How did you start out as a designer?
I grew up in Tehran where I studied visual communication at the Department of Fine Arts at the University of Tehran. A few weeks after I got in the programme, I was offered an internship at a small animation studio where I drew frame by frame 2D animations. It was a huge amount of work for a very modest salary. A year in, Neshan Magazine, a bilingual (English/Farsi) quarterly on graphic design based in Tehran, hired me to design their publication. So by the time I was a third year student, I already had two part-time jobs and was freelancing aggressively. In 2007, after finishing my bachelors degree, I moved to Basel in Switzerland to join the Graphic Design MFA program at the Basel School of Design, following my passion for typography and type design.

How would you sum up what you do?
I currently work as a design director at Studio/lab, located in downtown Chicago, where I mainly focus on developing identities for a variety of businesses from cultural and educational entities to small businesses and startups. As part of these identity projects, every now and then I get the opportunity to design custom typefaces for our clients to help them achieve a rather unique visual/typographic language. I am also a faculty member at UIC School of Design where I teach a design foundation course, helping the new generation of designers prepare for their future in their ideal roles as producers, researchers, artists, activists, or even enablers. As an editorial board member of Neshan Magazine, I write on a variety of topics from typography to design research, on designers and studios across the globe. The main goal of the publication is to strengthen ties between the Iranian and global design community by introducing local designers to the world outside of the country and vice versa. I also run my own independent practice on the side where I work mainly with non-profits such as Verge Books and Experimental Film Society developing their identity and designing publications and posters.

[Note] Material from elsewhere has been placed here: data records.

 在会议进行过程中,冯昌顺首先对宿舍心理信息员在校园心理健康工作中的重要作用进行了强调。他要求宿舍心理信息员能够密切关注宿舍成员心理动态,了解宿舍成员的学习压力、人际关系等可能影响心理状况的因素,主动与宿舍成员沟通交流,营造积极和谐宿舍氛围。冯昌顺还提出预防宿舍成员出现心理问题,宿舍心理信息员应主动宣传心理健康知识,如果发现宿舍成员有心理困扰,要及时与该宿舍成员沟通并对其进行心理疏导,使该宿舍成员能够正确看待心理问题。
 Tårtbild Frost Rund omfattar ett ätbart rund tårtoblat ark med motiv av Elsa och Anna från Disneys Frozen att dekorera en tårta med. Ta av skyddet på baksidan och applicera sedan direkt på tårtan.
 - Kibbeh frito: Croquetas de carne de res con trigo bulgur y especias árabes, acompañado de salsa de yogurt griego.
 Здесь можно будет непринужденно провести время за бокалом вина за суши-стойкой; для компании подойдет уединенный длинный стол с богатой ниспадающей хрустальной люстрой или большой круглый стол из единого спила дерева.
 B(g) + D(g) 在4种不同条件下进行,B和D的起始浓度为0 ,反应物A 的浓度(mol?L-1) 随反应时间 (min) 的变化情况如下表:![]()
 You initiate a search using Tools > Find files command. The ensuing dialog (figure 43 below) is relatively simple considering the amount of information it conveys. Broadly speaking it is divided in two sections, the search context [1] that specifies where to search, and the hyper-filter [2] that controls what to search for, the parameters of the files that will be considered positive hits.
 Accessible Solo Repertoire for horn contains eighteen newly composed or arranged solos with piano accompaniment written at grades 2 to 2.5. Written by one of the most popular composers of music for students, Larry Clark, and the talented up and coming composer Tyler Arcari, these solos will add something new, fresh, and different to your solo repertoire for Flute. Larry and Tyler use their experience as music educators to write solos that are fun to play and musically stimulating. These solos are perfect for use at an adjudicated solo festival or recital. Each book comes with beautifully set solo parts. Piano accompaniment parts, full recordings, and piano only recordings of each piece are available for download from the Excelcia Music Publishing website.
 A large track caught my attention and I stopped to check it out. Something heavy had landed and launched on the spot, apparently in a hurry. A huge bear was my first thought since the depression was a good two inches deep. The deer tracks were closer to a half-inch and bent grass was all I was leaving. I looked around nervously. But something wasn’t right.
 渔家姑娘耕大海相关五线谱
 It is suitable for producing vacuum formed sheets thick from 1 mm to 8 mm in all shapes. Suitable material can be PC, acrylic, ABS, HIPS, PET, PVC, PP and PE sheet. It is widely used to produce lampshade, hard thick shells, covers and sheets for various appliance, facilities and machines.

What influences and defines the aesthetic of your work, and your site design?
I would probably say architecture and cinema have had the most influence on my work as a designer so far. I consider myself a structuralist. I believe in systems. But that should not be confused with what modernists defined as structure by organising elements or content based on a rigid grid system. I strongly believe in critical systems where the design elements, be it type, image, texture, etc, are governed by larger dynamic and opposite forces. This idea is perhaps more well-versed in both cinema and architecture. David Lynch and Atom Egoyan are probably more accepted examples of the latter approach in cinema. While their films defy any predefined form, category, or structure, every scene in them is driven by contradictory forces and over-arching critical systems which allow for unpredictable moments throughout the piece. They are best examples of systematic chaos.

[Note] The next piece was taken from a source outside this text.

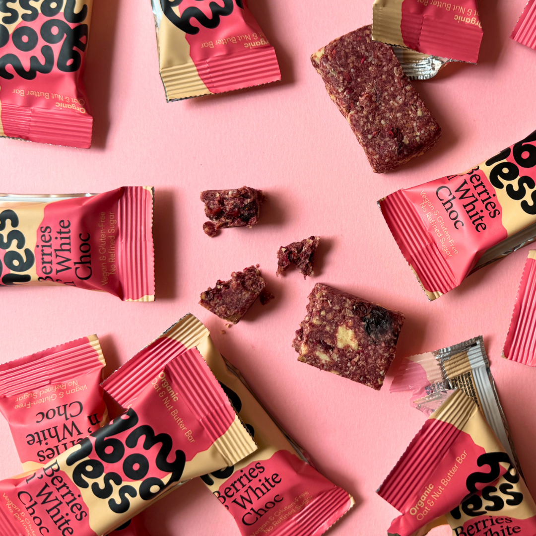 My Goodness Berries ’n White Choc delivers that sweet-and-fruity dessert vibe, but in a cleaner, plant-based version. With tangy berry pieces, velvety nut butter, and smooth vegan white chocolate, this organic bar balances freshness and sweetness in every bite.

I really love the typography and the colour palette of the site – please can you tell me why you chose them?
Both the typography and choice of colour for the site are references to cinema (images appearing in the dark) and, of course, the world of RGB colour spectrum.

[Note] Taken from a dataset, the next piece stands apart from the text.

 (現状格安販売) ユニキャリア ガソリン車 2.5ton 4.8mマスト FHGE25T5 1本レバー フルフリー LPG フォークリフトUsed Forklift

What are your favourite type of projects to work on, and why?
If I were to pick three, I would say editorial design, identity, and type design projects. I am, in general, more interested in working with cultural and non-profit organisations. While I do not consider myself an activist, I do occasionally work on activist projects. My interest in editorial work comes from pure experiential aspect of printed publications. As objects, books are designed to be consumed in a very specific way. The very act of “paging through a publication” in order to follow a certain thought process, (as mundane as it may sound) is very appealing to me. And, of course, the possibilities that could be explored in order to shape that very experience and giving birth to a concept through that process are my all-time favourite challenges of editorial design. Identity, on the other hand, resembles to creating a persona in a film. You have to consider how the entity is presented through certain characteristics of the visual components and behaviours, very similar to a character in a film; believable and yet unique at the same time. Type design for me, on the other hand, is more of a craft exercise. I am as much interested in the craft aspect of design as I am in the conceptual aspect of it. It’s one of the most relaxing and yet focused activities I do throughout the day.

What do you have planned for the year ahead?
I personally do not believe that my career path has to be a planned trajectory. I am more interested in taking spontaneous decisions and changing gears very often.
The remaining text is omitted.